| TASK PROMPT |
Write out exactly the lines below starting at the one containing "来自世界51个国家和港澳台地" and ending at the one containing "Чтобы быстро оценить". Omit every picture.

| RECORD SET |
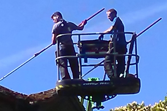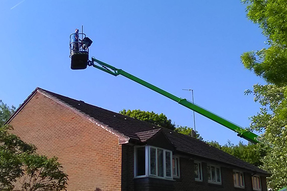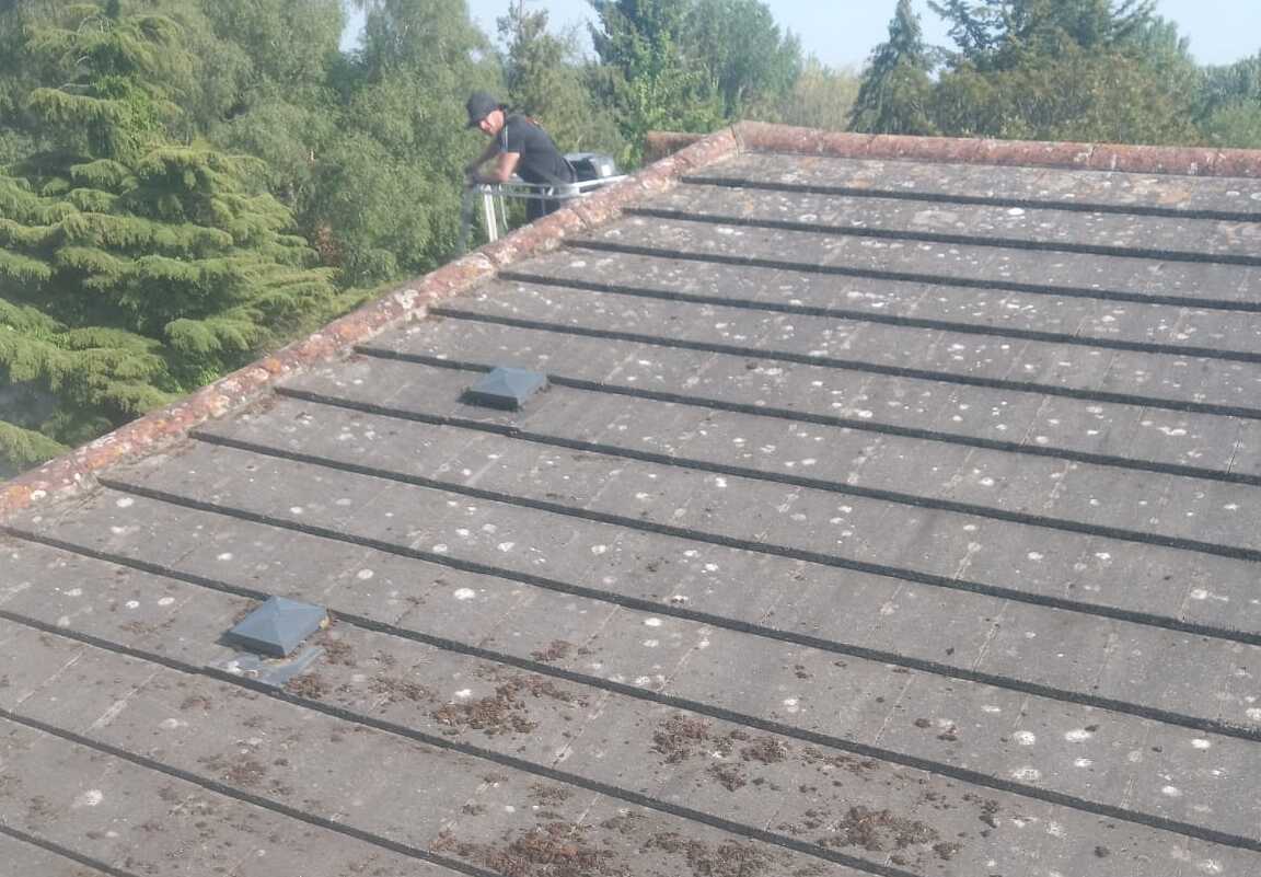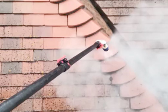 We performed a gentle steam clean to remove moss without damaging the tiles. Access was provided by cherry picker and mobile tower.
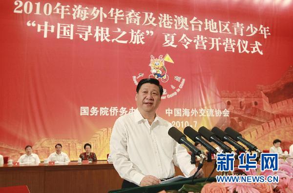 来自世界51个国家和港澳台地区的6000余名华裔青少年25日欢聚北京,参加在人民大会堂隆重举行的2010年海外华裔及港澳台地区青少年“中国寻根之旅”夏令营开营式。中共中央政治局常委、国家副主席习近平出席并讲话,向营员代表颁授营旗。
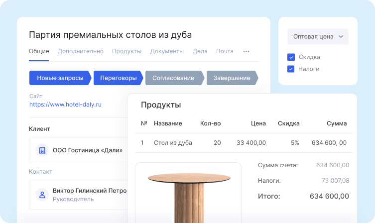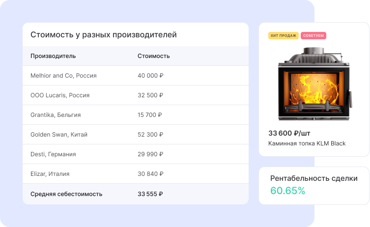 Чтобы быстро оценить рентабельность сделки, складская программа Аспро.Cloud поможет рассчитать себестоимость товара. Если закупочная цена варьируется, система покажет среднее значение. Так будет легче понять, какую скидку можно предложить клиенту.
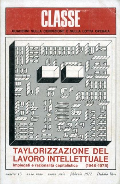 229 p. ; 21 x 14 cm. La rivista «Classe» fondata da Stefano Merli aveva come principale scopo quello di contribuire, nel campo della ricerca storico-teorica, alla ricostruzione di una strategia unitaria del movimento operaio. Merli, storico e militante socialista, cercò a lungo di dare consapevolezza e spessore storico-critico a quel tentativo di rinnovamento dal basso della storiografia del movimento operaio italiano che sull’onda della crisi del 1956 aveva trovato le sue più significative espressioni culturali nell’operaismo marxista di Raniero Panzieri e nella riscoperta dell’“altra storia” di Bosio e Montaldi. Il primo numero della rivista esce nel giugno 1969 e l'ultimo, n. 22, nel dicembre 1982. Numeri monografici: 13. Taylorizzazione del lavoro intellettuale. Impiegati e razionalità capitalistica (1948-1975). Brossura editoriale, coperta illustrata in cartoncino flessibile colorato (b/n e rosso) e plastificato. Qualche leggero segno del tempo, ingiallimento della carta e qualche fioritura per il resto esemplare integro. Codice libreria 8205.
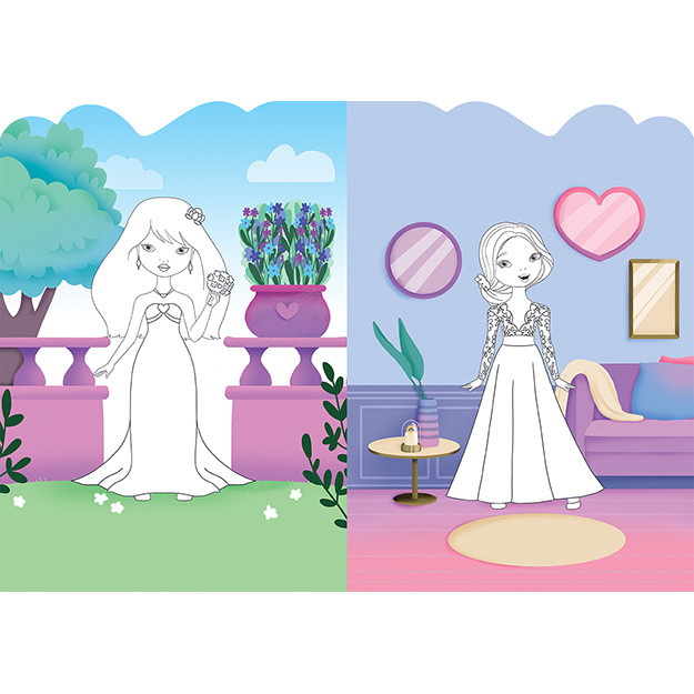 Šaty pro nevěsty Tvarované oblékání se samolepkamiŠaty pre nevesty – tvarovaná knižka plná svadobnej módy!Staň sa svadobnou dizajnérkou a vytvor tie najkrajšie svadobné šaty pre nevesty! Táto tvarovaná omaľovánková knižka obsahuje 24 strán plných módnych omaľovánok a aktivít. Okrem toho nájdeš v knižke 8 strán samolepiek, s ktorými môžeš nevesty ozdobiť krásnymi šatami, závojmi a doplnkami. Tvorivé obliekacie aktivity rozvíjajú fantáziu, kreativitu a jemnú motoriku. Ideálna zábava pre všetky malé módne návrhárky, ktoré milujú krásne šaty!
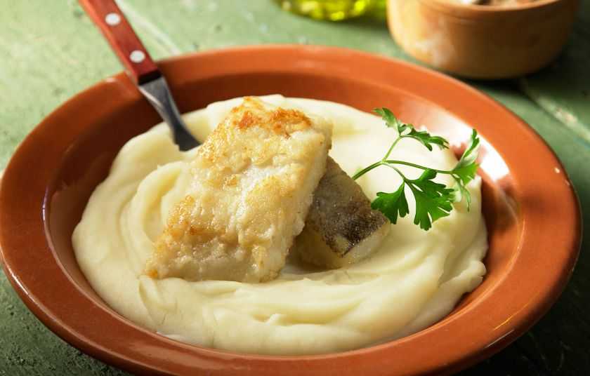 Μπακαλιάρος: Αλευρώνουμε τα κομμάτια του μπακαλιάρου και τα τηγανίζουμε σε μπόλικο καυτό λάδι, σε δόσεις, μέχρι να ροδίσουν όμορφα και από τις δύο πλευρές. Σερβίρουμε την αλιάδα με τον μπακαλιάρο και βραστά λαχανικά.

| RESULT OF THIS EXERCISE |
 来自世界51个国家和港澳台地区的6000余名华裔青少年25日欢聚北京,参加在人民大会堂隆重举行的2010年海外华裔及港澳台地区青少年“中国寻根之旅”夏令营开营式。中共中央政治局常委、国家副主席习近平出席并讲话,向营员代表颁授营旗。
 Чтобы быстро оценить рентабельность сделки, складская программа Аспро.Cloud поможет рассчитать себестоимость товара. Если закупочная цена варьируется, система покажет среднее значение. Так будет легче понять, какую скидку можно предложить клиенту.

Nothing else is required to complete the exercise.